# Speared My First Mahi! With Video



## Clay-Doh (Oct 2, 2007)

‎9/23/11 Out Spearfishing. While underway, saw a big floating piece of wood with gnarled up branches, and pulled up near it. Ton of triple tail on it, then I saw that pretty flash of gold and green at 100 miles an hour, and yelled "Mahi!"

Mike and I grabbed our gun and mask, and I decided what the hell, grab my camera too. Glad I did. 2 small Mahi zoomed by about 10 feet in front of us when we swam to the log. I tracked the front one, and he started to turn before I pulled the trigger, so I immediately lined on the second one, and with a split second of time to react, pulled the trigger.

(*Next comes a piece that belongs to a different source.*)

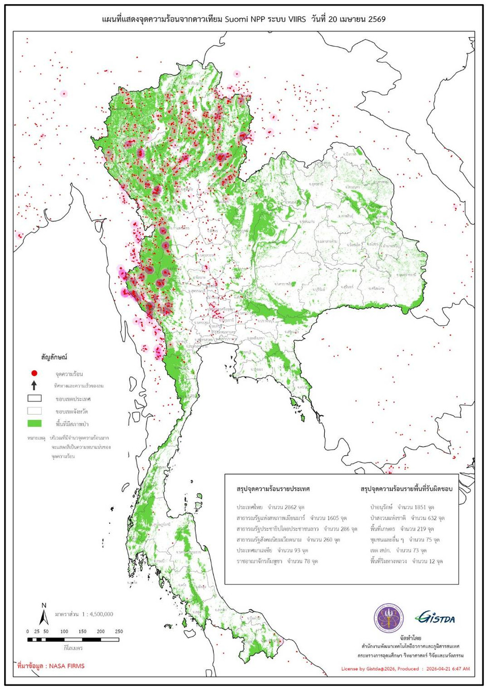 วันที่ 21 เม.ย.69 สำนักงานพัฒนาเทคโนโลยีอวกาศและภูมิสารสนเทศ (องค์การมหาชน) หรือ GISTDA รายงานจุดความร้อนด้วยข้อมูลจากดาวเทียม วานนี้ (20 เมษายน 69) จุดความร้อนของไทยพบ 2,862 จุด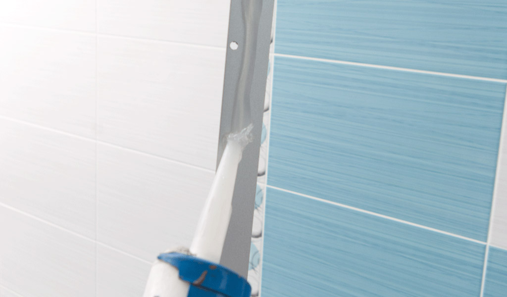 Après avoir ajusté la hauteur du bac et le fixer au mur, scellez les espaces entre la base de la douche et le mur avec du mastic à la silicone.

Stone shot right through the head. Only 3 fish I have never shot that I have been wanting to, the 3 pelagics, Mahi, Tuna, and Wahoo. Now I'm proud 2 say, it's only 2 left on the list, which will involve a dive trip to the rigs one day soon.

Great day out

Here's the link to the video.

http://www.vimeo.com/29608282


----------



## feelin' wright (Oct 7, 2007)

Congrats on knocking off one of you items on the bucket list.


----------



## LandlockedJT (Mar 1, 2010)

Nice shot. Did you try for any of the trippletail?


----------



## bbarton13 (May 4, 2009)

awesome, great video as always!


----------



## aroundthehorn (Aug 29, 2010)

Where were y'all?


----------



## coolbluestreak (Jun 27, 2011)

Thanks for another great vid!:thumbsup:
Approx what size was that Aj in length or lbs, I really want to bag one?


----------



## Pierce07 (Nov 13, 2007)

Triple tail are illegal to spear in Florida. Open in Alabama


----------



## bigrick (Sep 29, 2010)

Wirelessly posted

Nice fish. Those things are quick.


----------



## aquatic argobull (Mar 2, 2009)

Takes a hell of a shot to stone a mahi! Good stuff!


----------



## Addict'd (May 17, 2009)

Jealous! All three of those are on the bucket list for me too...Been talking to a Cpt out of Venice, LA and he thinks he may be able to put me on those fish, looking for people to split the cost, if interested hit me up!


----------



## Clay-Doh (Oct 2, 2007)

Thanx guys! Glad you enjoyed it. I was really proud hittin it. Can't wait to get to the rigs and get tuna and wahoo


----------



## jjam (Dec 9, 2007)

Looks like you were in the zone Clay and nailed it perfectly. 

Congrats!:thumbup:

Jimmy


----------



## oxbeast1210 (Jun 21, 2010)

awesome!!!


----------